Tabi mesela İskandinav ülkelerindeki Kürt diasporasından şaşırtıcı filmler çıkabiliyor özellikle, ama bunları yine ya Paris’te ya da Türkiye’de görebiliyorum, ama Avrupa’daki festivallerde de Kürt filmlerine ilgi artıyor, bu görülebiliyor tabii ki, onlar da bir arayışta esasında. Rumen, Yunan, Tayvan yeni dalgaları gibi enteresan sinema dillerine sahip filmler görmek istedikleri çok açık ama ne yazık ki daha o yaratıcılık seviyesinin çok altındayız.

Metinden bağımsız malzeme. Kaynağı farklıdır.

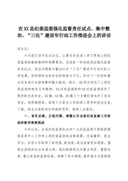 【七哥公文】2025年:在XX县纪委监委强化监督责任试点、集中整治、“三化”建设年行动工作推进会上的讲话+更多免费公文+VX:QiGeGongWen2024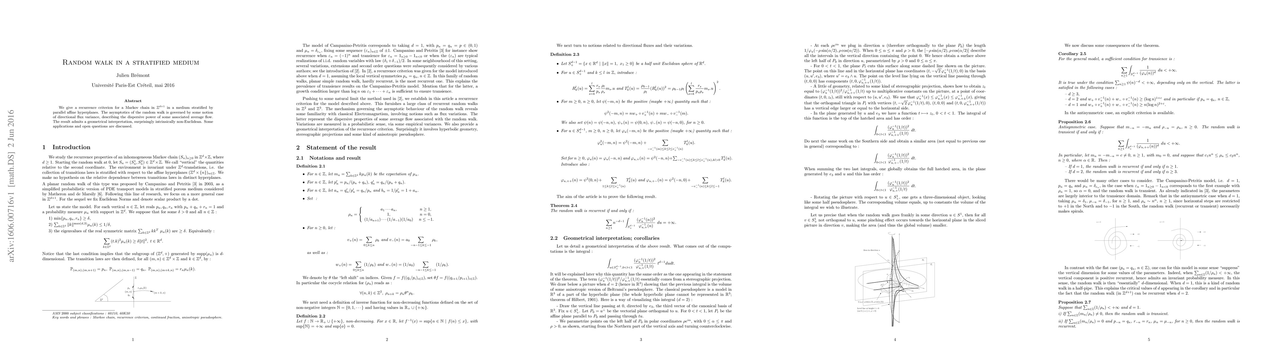The study found that the random walk in the stratified medium exhibits unique behavior, shedding light on the interactions between different layers and potential applications in fields like physics and engineering.

Umuyorum ki bizim kuşak bunu kıracak ve Avrupa’daki festivallerde daha görünür bir hale gelebileceğiz.

“ENTELEKTÜEL BİR REFLEKS DAHA KÜRT SİNEMASINDA OLUŞAMADI”

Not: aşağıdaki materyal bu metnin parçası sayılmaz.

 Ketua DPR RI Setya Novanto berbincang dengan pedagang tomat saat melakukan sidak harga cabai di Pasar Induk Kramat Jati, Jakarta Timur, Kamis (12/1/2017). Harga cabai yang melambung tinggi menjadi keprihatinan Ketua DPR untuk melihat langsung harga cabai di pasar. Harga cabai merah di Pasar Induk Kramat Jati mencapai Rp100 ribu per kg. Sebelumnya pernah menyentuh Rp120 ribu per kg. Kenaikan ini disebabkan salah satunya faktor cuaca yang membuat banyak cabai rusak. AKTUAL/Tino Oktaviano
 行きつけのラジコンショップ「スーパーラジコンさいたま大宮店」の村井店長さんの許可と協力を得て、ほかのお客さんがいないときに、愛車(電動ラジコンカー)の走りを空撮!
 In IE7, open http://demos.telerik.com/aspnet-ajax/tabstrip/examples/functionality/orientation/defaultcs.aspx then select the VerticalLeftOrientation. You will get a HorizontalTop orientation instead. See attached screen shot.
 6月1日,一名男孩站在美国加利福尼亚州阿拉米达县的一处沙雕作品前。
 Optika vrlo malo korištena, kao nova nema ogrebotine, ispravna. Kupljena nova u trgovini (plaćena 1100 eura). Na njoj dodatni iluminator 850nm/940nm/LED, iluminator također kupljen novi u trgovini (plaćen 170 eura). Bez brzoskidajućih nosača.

İyi olması anlamında Kürt sinemasında bir değişim ve dönüşüm gözlemliyorsun o zaman?

Değişim dönüşüm var tabii ama maalesef çok yavaş. Mesela Ali Kemal Çınar gibi bir adam daha çok konuşulmalı, Kürt sinemasında yaratıcılık anlamında en aktif kişilerden biri bence odur ama hala çok düşük bütçelerde çalışmak zorunda kalıyor. Yaratıcılığı sınırlı ama lobisini oluşturmuş kişiler ise haber çekmeye devam ediyorlar. Çok adaletsiz bir durum var bence. Entelektüel bir refleks daha Kürt sinemasında oluşamadı. Kürtler ekmek almaya da gidiyor, basur da oluyor, eşine sinirlenip evini de terk ediyor ama Kürtler sanki sadece politik bir atmosferde hayatta kalabiliyormuş gibi bir ortam oluşmuş, bu yüzden yönetmenlerin çoğunda bir yaratıcılık krizi var, sinemanın bir sanat dalı olduğunun unutulması problemi mevcut Kürt sinemasında. Yönetmenler film izlemiyor muhtemelen, akıllarına gelen ilk fikrin çok yaratıcı olduğunu düşünüp işe kalkışıyorlar ama düşündükleri şey 60 yıl önce çoktan yapılmış oluyor. Ali Kemal Çınar’ın Tsai Ming-Liang’dan etkilenmesi çok önemli bir olay mesela. Bizde herkes Yılmaz Güney olmaya çalışıyor intibaına kapılıyorum çoğu zaman, ortaya çıkan çoğu filmin yönetmenlerin içsel dünyasından gelmediği çok net gözüküyor bence. Hala 21. yüzyılda şu hikaye çok enteresan, bak bunu çek çok tutar refleksleriyle kalıcı bir film ortaya çıkarılabileceğinin düşünülmesi çok gülünç. Sinema dili üzerine düşünmek istemiyorsa sinemacılar neden film çekmeye devam ediyorlar anlayamıyorum. Evet biz çok şey yaşadık ve hala yaşıyoruz, çok değişik ve farklı hikayelere sahibiz ama bu sadece hikayeyle olamaz, şunu sormalıyız belki de, sinema sadece bir konu ve hikaye anlatma sanatı mıdır? Bence Kürt Sineması hala deneysel ve biçim-içerik anlamında farklılıklara kapalı bir sinema ama bunun gelişeceği böyle devam edemeyeceği de çok açık. Sinema bizim aracımızsa eğer, bu aracı yiyip yutmalıyız bence. Politik arka plan hayatımızın her yerinde bulunmakta zaten, o yüzden direkt olarak politikayla ilgili bir mecrada üretim yapmıyorsak, sinema yapıyorsak mesela veya bir kitap yazıyorsak, o bulunduğumuz alanın farklı anlatımlarını ve dillerini keşfetmenin daha entelektüel bir zemin hazırlayacağını ve ilerlemenin de bunun üzerinden devam edeceğini ve gelişeceğini öngördüğümü söyleyebilirim.

Teşekkürler Jaro, dilerim bir gün de senin yaptıkların üzerinden yaparız bu değerlendirmeleri.

Ben teşekkür ederim. Yapacağız elbette.